-- Information given follows --

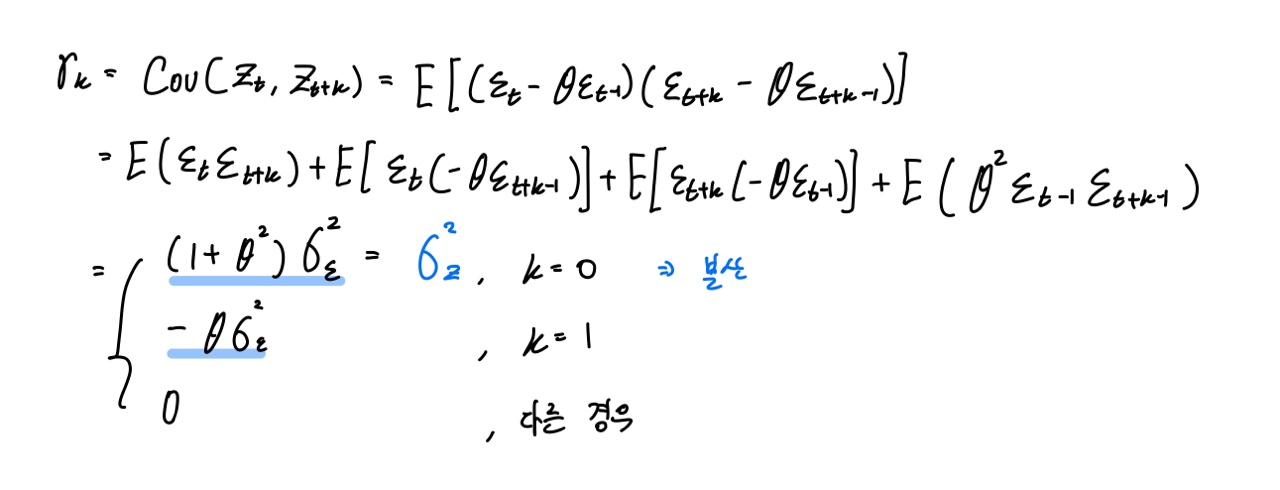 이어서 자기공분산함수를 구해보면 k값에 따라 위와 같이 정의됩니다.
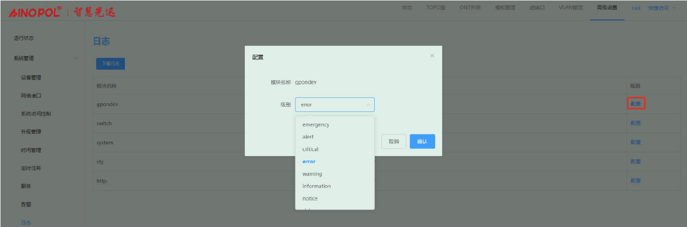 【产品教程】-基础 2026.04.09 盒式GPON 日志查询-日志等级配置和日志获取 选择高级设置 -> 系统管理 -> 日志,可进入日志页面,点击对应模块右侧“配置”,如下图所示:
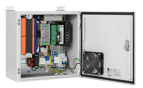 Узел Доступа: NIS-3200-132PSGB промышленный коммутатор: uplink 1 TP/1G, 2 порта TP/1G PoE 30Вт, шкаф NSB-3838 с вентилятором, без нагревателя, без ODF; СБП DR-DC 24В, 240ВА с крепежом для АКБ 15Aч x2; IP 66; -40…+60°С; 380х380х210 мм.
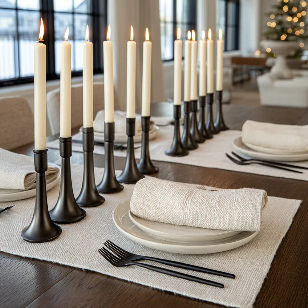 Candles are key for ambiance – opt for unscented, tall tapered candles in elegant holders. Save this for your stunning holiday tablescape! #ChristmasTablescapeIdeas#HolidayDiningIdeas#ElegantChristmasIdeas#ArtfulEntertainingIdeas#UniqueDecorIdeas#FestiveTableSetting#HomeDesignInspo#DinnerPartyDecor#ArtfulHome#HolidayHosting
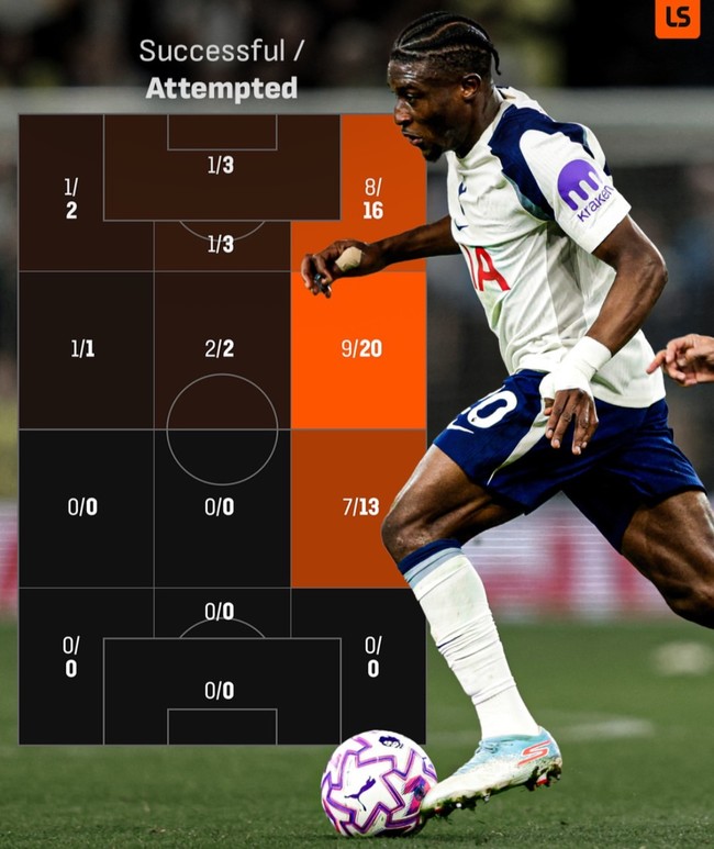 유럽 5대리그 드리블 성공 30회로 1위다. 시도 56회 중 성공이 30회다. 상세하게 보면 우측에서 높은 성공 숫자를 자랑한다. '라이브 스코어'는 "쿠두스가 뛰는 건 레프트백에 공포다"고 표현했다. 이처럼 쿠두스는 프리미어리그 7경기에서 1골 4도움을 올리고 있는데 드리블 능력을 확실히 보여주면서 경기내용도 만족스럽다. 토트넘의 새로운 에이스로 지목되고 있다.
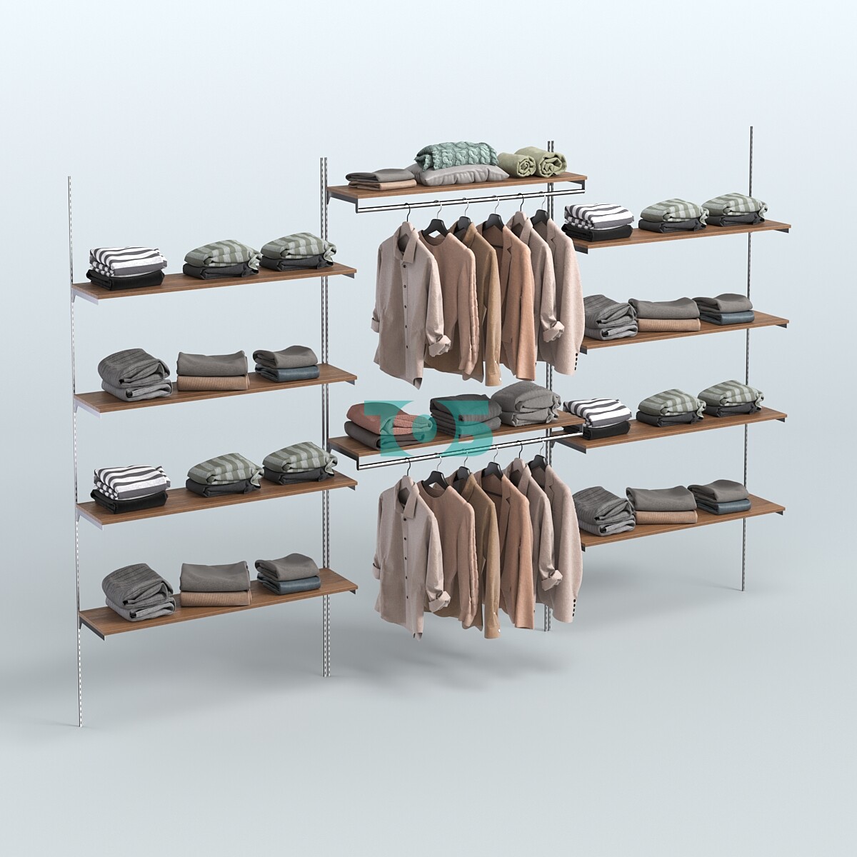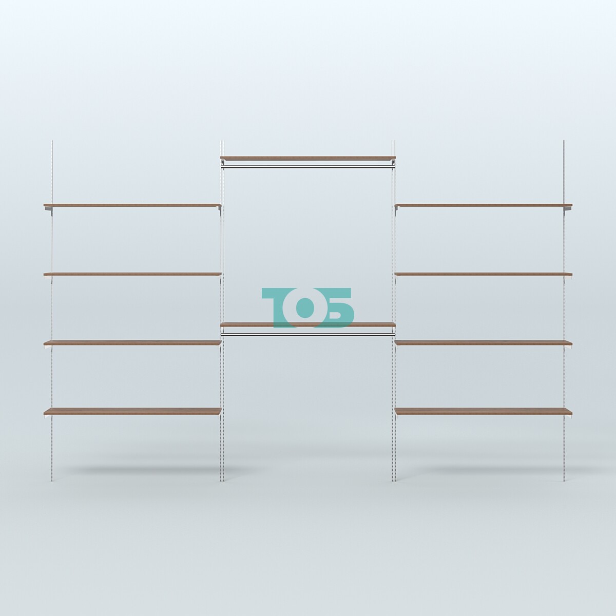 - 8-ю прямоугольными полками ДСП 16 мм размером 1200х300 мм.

-- Information given concluded --
-- Information given follows --

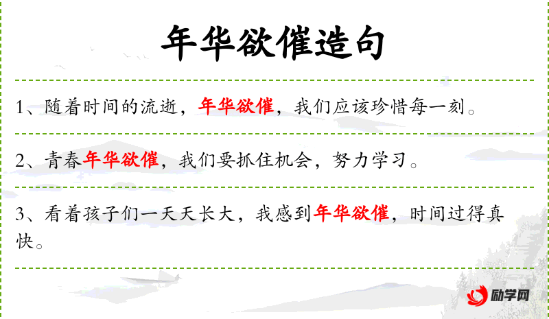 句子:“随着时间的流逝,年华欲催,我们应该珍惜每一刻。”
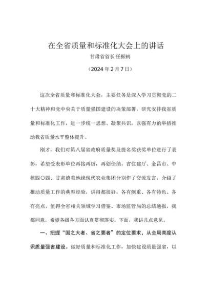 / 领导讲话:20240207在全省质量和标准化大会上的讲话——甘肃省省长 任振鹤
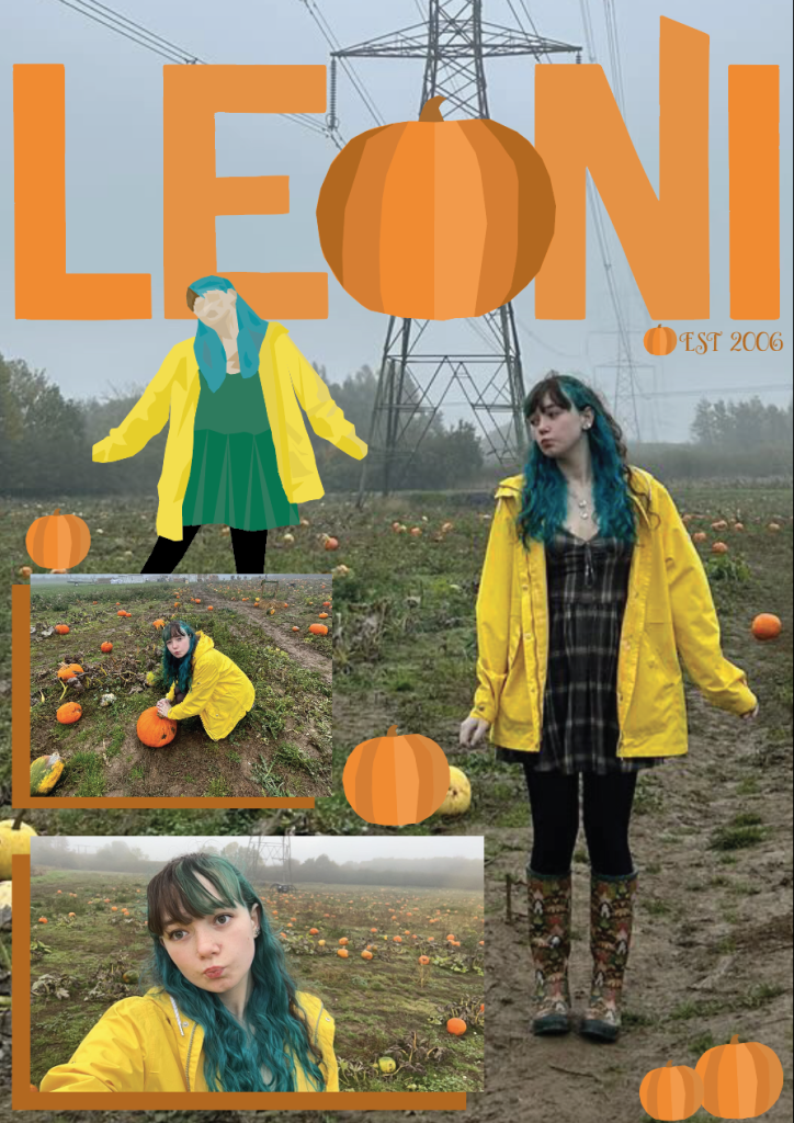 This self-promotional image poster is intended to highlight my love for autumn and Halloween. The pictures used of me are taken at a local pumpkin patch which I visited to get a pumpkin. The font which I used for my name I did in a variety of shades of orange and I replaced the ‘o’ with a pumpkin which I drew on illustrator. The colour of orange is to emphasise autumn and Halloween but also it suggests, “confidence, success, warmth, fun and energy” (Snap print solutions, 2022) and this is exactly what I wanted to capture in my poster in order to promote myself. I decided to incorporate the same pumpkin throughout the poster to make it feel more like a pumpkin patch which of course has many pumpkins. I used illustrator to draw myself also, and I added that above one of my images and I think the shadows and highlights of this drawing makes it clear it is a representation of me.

-- Information given concluded --
-- Information given follows --

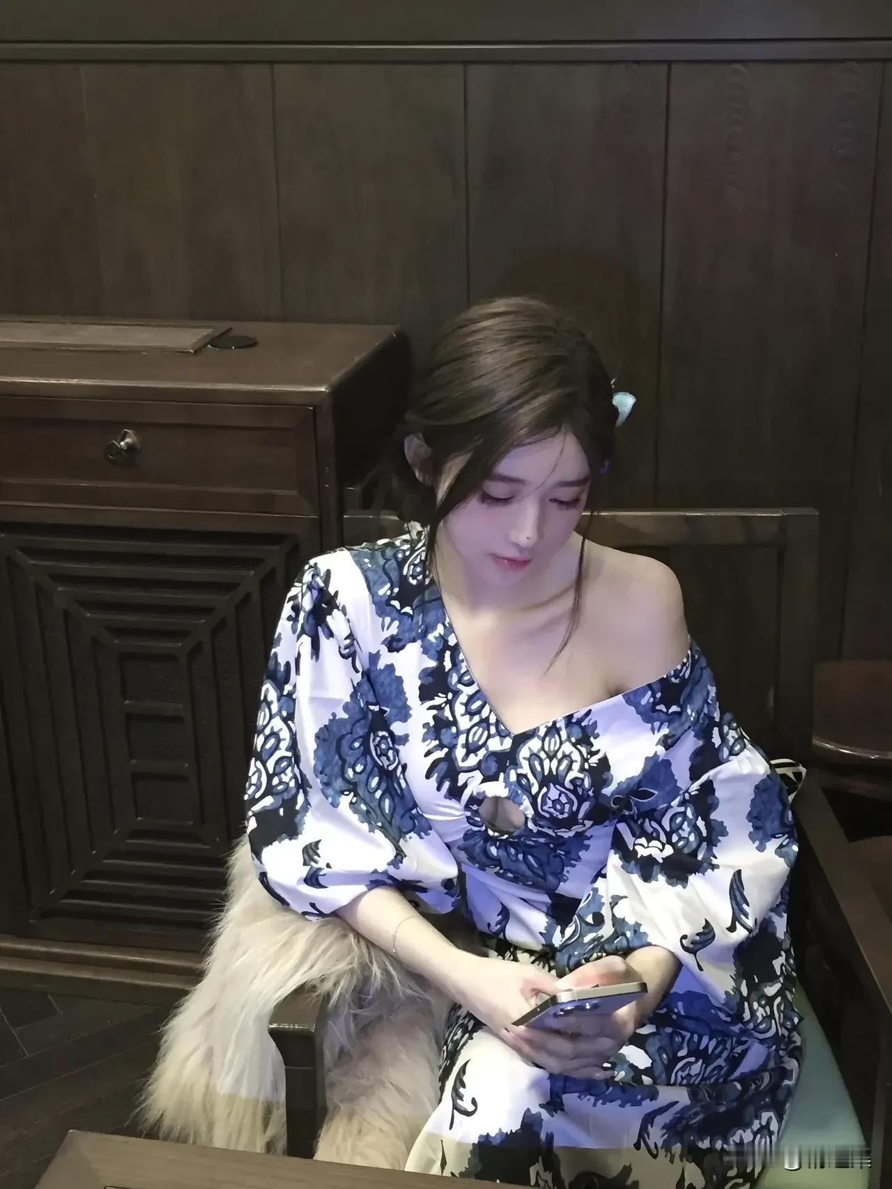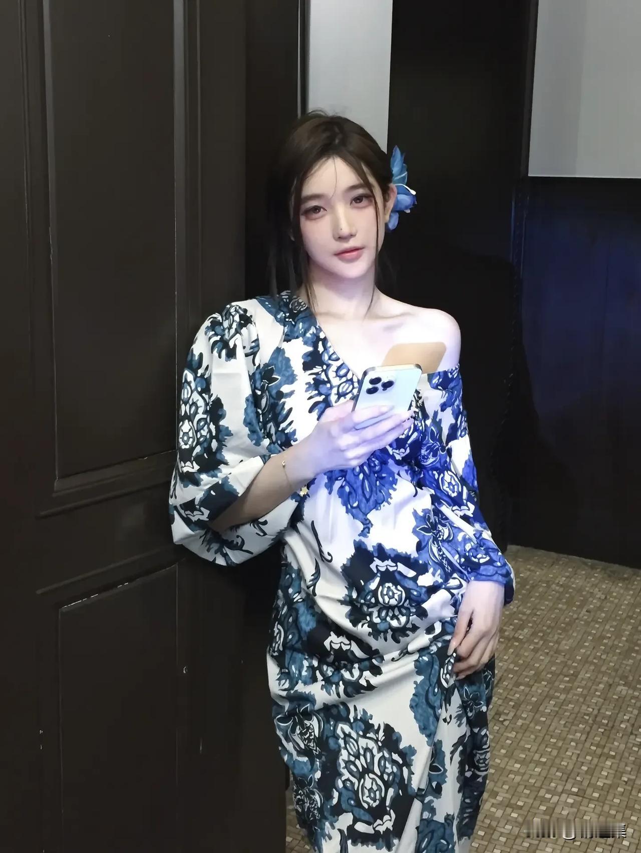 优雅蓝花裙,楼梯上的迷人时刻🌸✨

-- Information given concluded --

Look above for the line with "2026.04.09 盒式GPON 日志查询-日志等级配置和日志获取" and the line with "Узел Доступа: NIS-3200-132PSGB", then copy them and all lines in between exactly as written, and only those, without any pictures.

Answer for the task:
 【产品教程】-基础 2026.04.09 盒式GPON 日志查询-日志等级配置和日志获取 选择高级设置 -> 系统管理 -> 日志,可进入日志页面,点击对应模块右侧“配置”,如下图所示:
 Узел Доступа: NIS-3200-132PSGB промышленный коммутатор: uplink 1 TP/1G, 2 порта TP/1G PoE 30Вт, шкаф NSB-3838 с вентилятором, без нагревателя, без ODF; СБП DR-DC 24В, 240ВА с крепежом для АКБ 15Aч x2; IP 66; -40…+60°С; 380х380х210 мм.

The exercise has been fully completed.